'''
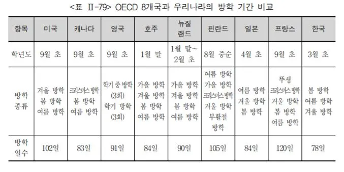교육부의 2013년 보고서를 보면, 한국 학교의 방학일수는 약 78일. 이것도 초·중·고등학교 1개씩 샘플로 조사한 것이니 이보다 더 적은 곳도 부지기수일 터이다. 교육당국은 주5일제 때문이라고 변명하지만, 마찬가지로 주5일제인 다른 나라들과 비교해 보면 별 설득력이 없다. 같은 보고서에도 프랑스 방학일수가 120일, 미국이 102일, 영국이 91일이다. 공휴일 수 등이 다를 수 있겠지만, 그래도 너무 차이가 난다. 자료들을 살펴보면 한국 초·중·고 학교들은 전 세계적으로 비교해 봤을 때 방학일수는 적고 수업일수는 많은 편이라고 해도 될 것이다.
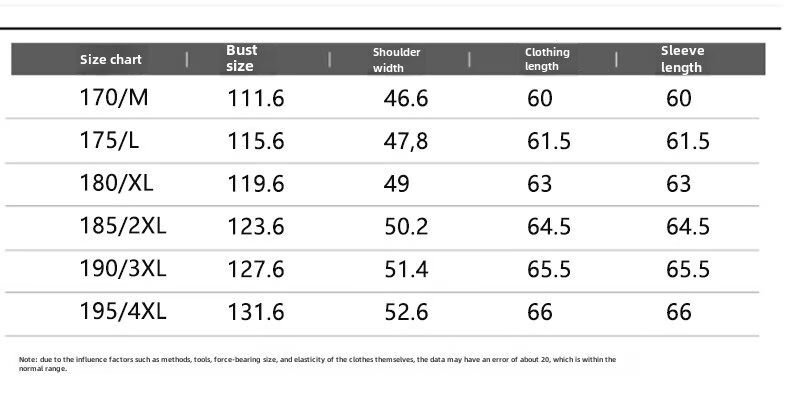 China (cm) 165 / 88-90 170 / 96-98 175 / 108-110 180 / 118-122 185 / 126-130
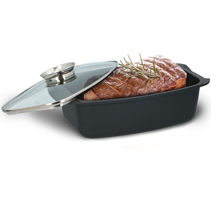 Padella robusta per un aroma pienoCottura da soli arrosti, involtini di manzo e verdure stufate? Con la padella in alluminio pressofuso con coperchio in vetro riuscirete i veri classici della cucina come la nonna. Il professionista per arrostire e stufare garantisce un aroma completo e risultati di cottura succosi. Il set da 2 pezzi è composto da teglie con coperchio in vetro abbinato.Un arrosto succoso richiede tempo. La casseruola in alluminio massiccio pressofuso funge da ritenzione ottimale del calore durante la cottura e rende possibile una cottura delicata e a risparmio energetico nonostante i lunghi tempi di cottura.Per la festa l'arrosto risulta anche più grande? Lo spazio di cottura 34 x 20,5 x 9,5 cm offre ampio spazio per arrosti, anatre e simili.Non importa se a gas, elettrico, la teglia è adatta a tutti i piani cottura, tranne quelli a induzione. Dopo la frittura, puoi anche preparare il tuo arrosto comodamente nel forno.Il pulsante aromatizzante integrato garantisce
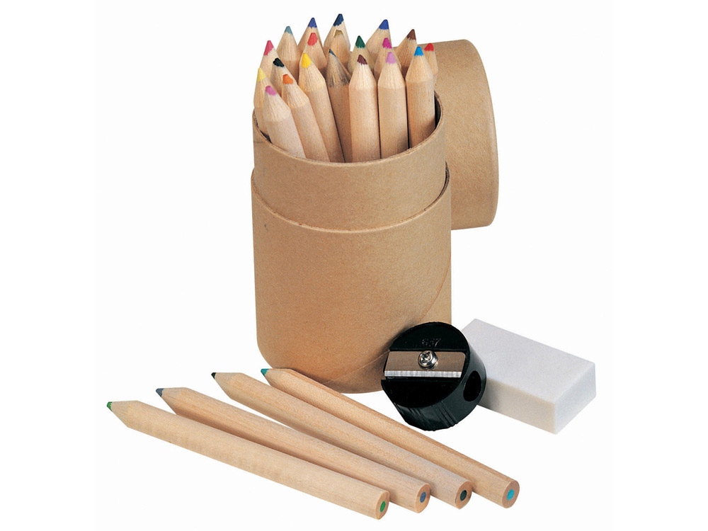 Комплектность 24 цветных карандаша, резинка и точилка в картонной цилиндрической коробке
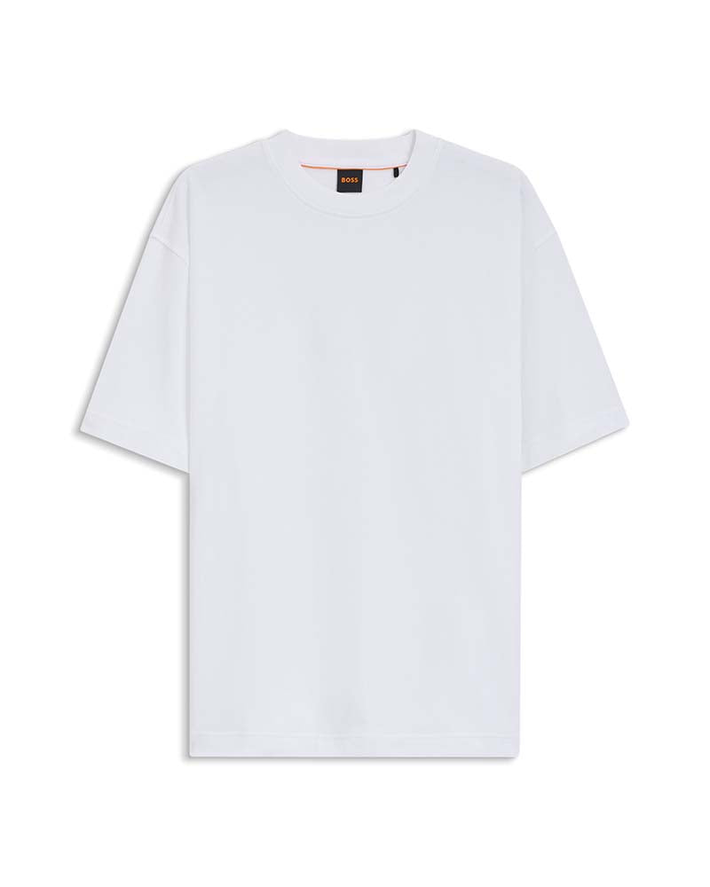 With its roomy cut and weighty feel, this cotton BOSS Menswear T-shirt is a casual essential. Back-neck logo print. High collar.
'''
## Problem requirements
Each line above is to be copied exactly, and the pictures are to be dropped.

## Problem solution
교육부의 2013년 보고서를 보면, 한국 학교의 방학일수는 약 78일. 이것도 초·중·고등학교 1개씩 샘플로 조사한 것이니 이보다 더 적은 곳도 부지기수일 터이다. 교육당국은 주5일제 때문이라고 변명하지만, 마찬가지로 주5일제인 다른 나라들과 비교해 보면 별 설득력이 없다. 같은 보고서에도 프랑스 방학일수가 120일, 미국이 102일, 영국이 91일이다. 공휴일 수 등이 다를 수 있겠지만, 그래도 너무 차이가 난다. 자료들을 살펴보면 한국 초·중·고 학교들은 전 세계적으로 비교해 봤을 때 방학일수는 적고 수업일수는 많은 편이라고 해도 될 것이다.
 China (cm) 165 / 88-90 170 / 96-98 175 / 108-110 180 / 118-122 185 / 126-130
 Padella robusta per un aroma pienoCottura da soli arrosti, involtini di manzo e verdure stufate? Con la padella in alluminio pressofuso con coperchio in vetro riuscirete i veri classici della cucina come la nonna. Il professionista per arrostire e stufare garantisce un aroma completo e risultati di cottura succosi. Il set da 2 pezzi è composto da teglie con coperchio in vetro abbinato.Un arrosto succoso richiede tempo. La casseruola in alluminio massiccio pressofuso funge da ritenzione ottimale del calore durante la cottura e rende possibile una cottura delicata e a risparmio energetico nonostante i lunghi tempi di cottura.Per la festa l'arrosto risulta anche più grande? Lo spazio di cottura 34 x 20,5 x 9,5 cm offre ampio spazio per arrosti, anatre e simili.Non importa se a gas, elettrico, la teglia è adatta a tutti i piani cottura, tranne quelli a induzione. Dopo la frittura, puoi anche preparare il tuo arrosto comodamente nel forno.Il pulsante aromatizzante integrato garantisce
 Комплектность 24 цветных карандаша, резинка и точилка в картонной цилиндрической коробке
 With its roomy cut and weighty feel, this cotton BOSS Menswear T-shirt is a casual essential. Back-neck logo print. High collar.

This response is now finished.